Copy the data exactly; pictures stay out of the copy.

SOURCE DATA —
* * *

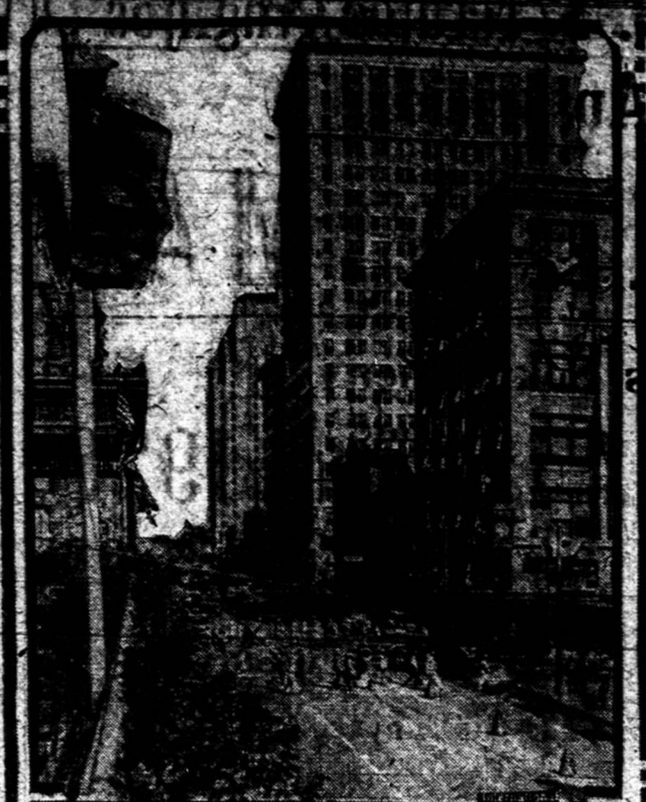
Vaidas Texas Avenue, Houstone, laike Demokratų konvencijos, parodo plevėsujančias vėliavas nuo namų ir minia žmonių.

5 kambariai "Darbininko" namo su šiluma ir labai pigiai. Del informacijų kreiptis "Darbininko" Administracija.
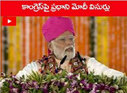
కాంగ్రెస్ పై ప్రధాని మోదీ విసుర్లు

ముంబయి: ప్రధాని నరేంద్రమోదీ కాంగ్రెస్ పార్టీపై మండిపడ్డారు. డ్రగ్స్ సామ్మతో కాంగ్రెస్ పార్టీ ఎన్నికల్లో పోటీ చేస్తోందని విమర్శించారు. ఇటీవల ఢిల్లీలో యా బేల కోర్టు విలువైన డ్రగ్స్ పట్టణే తేమలో కాంగ్రెస్ నేత ప్రమోదయం ఉన్నట్లు ఆరోపణలు చేశారు. విషయం తెలిసినదే ఈ క్రమంలో శనివారం మహారాష్ట్రలోని వాసంట్ నిర్వహించిన సభలో పాల్గొన్న ప్రధాని డ్రగ్స్ కేసును ప్రస్తావించారు. యువతను కాంగ్రెస్ ముఠాకేంద్రంగా బ్రెయిన్ వేస్తోంది. గెలవాలని భావిస్తోంది ఆరోపించారు. కాంగ్రెస్ ను అప్పుడే నక్కల్లో మూత పాటిస్తోంది, ఆ పార్టీ

* * *

SOLUTION FOR THIS EXERCISE —
Vaidas Texas Avenue, Houstone, laike Demokratų konvencijos, parodo plevėsujančias vėliavas nuo namų ir minia žmonių.

5 kambariai "Darbininko" namo su šiluma ir labai pigiai. Del informacijų kreiptis "Darbininko" Administracija.
కాంగ్రెస్ పై ప్రధాని మోదీ విసుర్లు

ముంబయి: ప్రధాని నరేంద్రమోదీ కాంగ్రెస్ పార్టీపై మండిపడ్డారు. డ్రగ్స్ సామ్మతో కాంగ్రెస్ పార్టీ ఎన్నికల్లో పోటీ చేస్తోందని విమర్శించారు. ఇటీవల ఢిల్లీలో యా బేల కోర్టు విలువైన డ్రగ్స్ పట్టణే తేమలో కాంగ్రెస్ నేత ప్రమోదయం ఉన్నట్లు ఆరోపణలు చేశారు. విషయం తెలిసినదే ఈ క్రమంలో శనివారం మహారాష్ట్రలోని వాసంట్ నిర్వహించిన సభలో పాల్గొన్న ప్రధాని డ్రగ్స్ కేసును ప్రస్తావించారు. యువతను కాంగ్రెస్ ముఠాకేంద్రంగా బ్రెయిన్ వేస్తోంది. గెలవాలని భావిస్తోంది ఆరోపించారు. కాంగ్రెస్ ను అప్పుడే నక్కల్లో మూత పాటిస్తోంది, ఆ పార్టీ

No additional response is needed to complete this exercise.